→ **DATA BLOCK**:
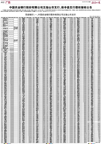 中国农业银行股份有限公司五指山市支行、保亭县支行债权催收公告
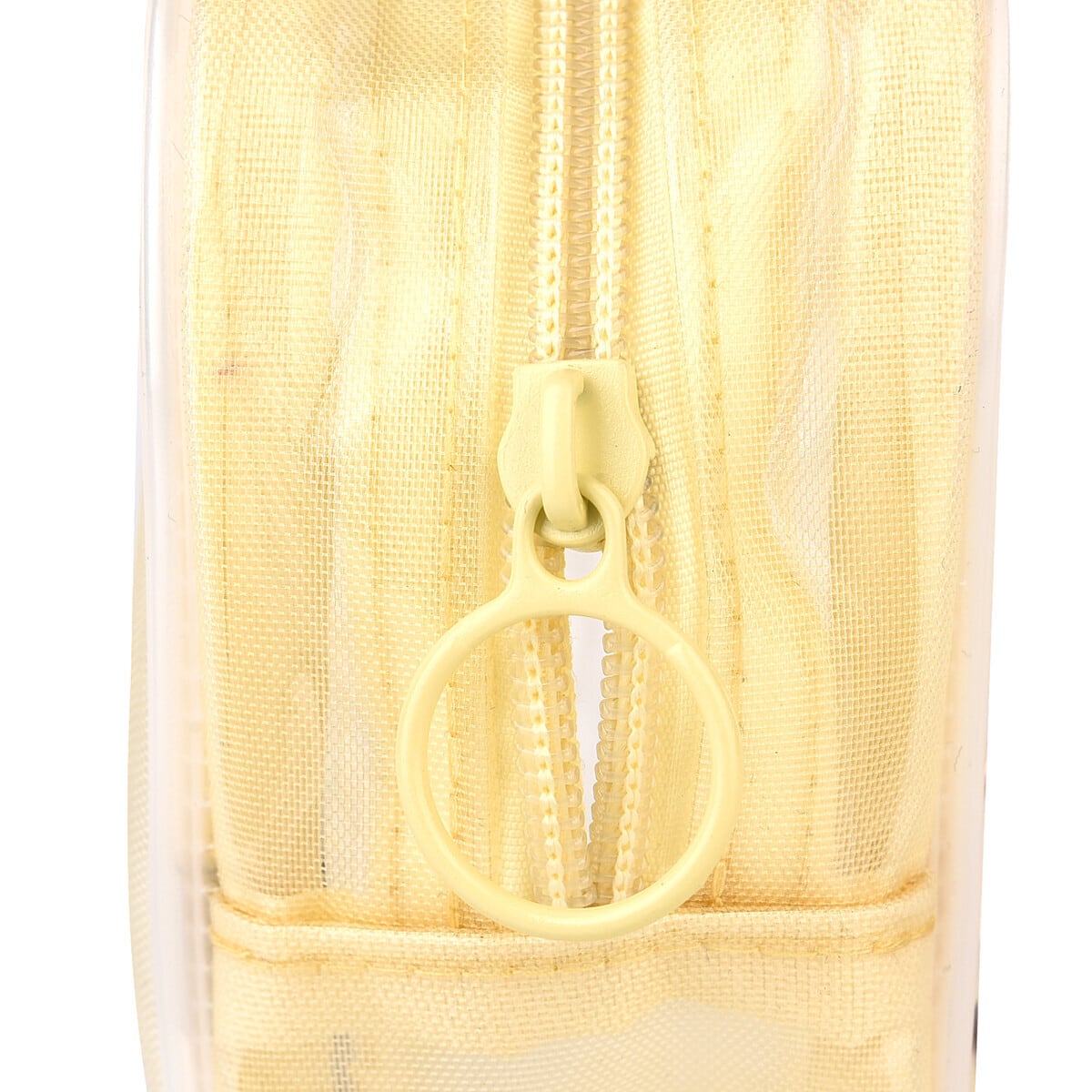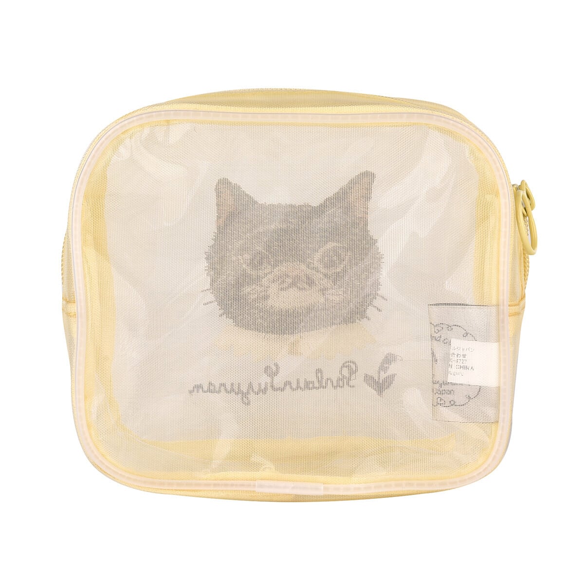 ハリのあるメッシュ素材で中身が透けて見えるので、中に何を入れようか考えるのも楽しくなるアイテム。表側はメッシュの素材。内側が透明ビニールの裏地付きなので、コスメ等のパウダーが外にこぼれることはありません。汚れたときはウェットシートでサッと拭けます。
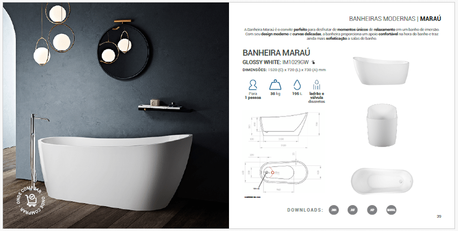 Características: Assim como a maré baixa anuncia o início de mais um belo dia para aproveitar as piscinas naturais e o visual indescritível na Península de Maraú, litoral Sul da Bahia, a Banheira Maraú é o convite perfeito para desfrutar de momentos únicos de relaxamento em um banho de imersão.Com seu design moderno e curvas delicadas, a banheira proporciona um apoio confortável na hora do banho e traz ainda mais sofisticação a salas de banho. Material produzido acrílico, de alta qualidade, resistência e estabilidade que garante linhas precisas, perfeitas, não mancha, não amarela, sem emendas superfície não porosa facilitando a limpeza. Esses modelos não possuem hidromassagem proporcionando um banho ainda mais tranquilo, além de serem uma grande tendência no mercado, auxiliam na composição do design e decoração do seu ambiente, proporcionando sensação de bem-estar e relaxamento. Banheiras de imersão não tem tubulação consequentemente não faz uso de aquecedores, ou seja a água terá que entrar aquecida na banheira através de um sistema residêncial de aquecimento solar ou á gás, utilizando um misturador monocomando. Formato: Oval Acomodações: 1 pessoa Modelo: Imersão Versão: Maraú Marca: Immersi

→ **WHAT THIS TASK INVOLVES**: Repeat the listing above word for word and leave its images out.

→ **TASK SOLUTION**:
 中国农业银行股份有限公司五指山市支行、保亭县支行债权催收公告
 ハリのあるメッシュ素材で中身が透けて見えるので、中に何を入れようか考えるのも楽しくなるアイテム。表側はメッシュの素材。内側が透明ビニールの裏地付きなので、コスメ等のパウダーが外にこぼれることはありません。汚れたときはウェットシートでサッと拭けます。
 Características: Assim como a maré baixa anuncia o início de mais um belo dia para aproveitar as piscinas naturais e o visual indescritível na Península de Maraú, litoral Sul da Bahia, a Banheira Maraú é o convite perfeito para desfrutar de momentos únicos de relaxamento em um banho de imersão.Com seu design moderno e curvas delicadas, a banheira proporciona um apoio confortável na hora do banho e traz ainda mais sofisticação a salas de banho. Material produzido acrílico, de alta qualidade, resistência e estabilidade que garante linhas precisas, perfeitas, não mancha, não amarela, sem emendas superfície não porosa facilitando a limpeza. Esses modelos não possuem hidromassagem proporcionando um banho ainda mais tranquilo, além de serem uma grande tendência no mercado, auxiliam na composição do design e decoração do seu ambiente, proporcionando sensação de bem-estar e relaxamento. Banheiras de imersão não tem tubulação consequentemente não faz uso de aquecedores, ou seja a água terá que entrar aquecida na banheira através de um sistema residêncial de aquecimento solar ou á gás, utilizando um misturador monocomando. Formato: Oval Acomodações: 1 pessoa Modelo: Imersão Versão: Maraú Marca: Immersi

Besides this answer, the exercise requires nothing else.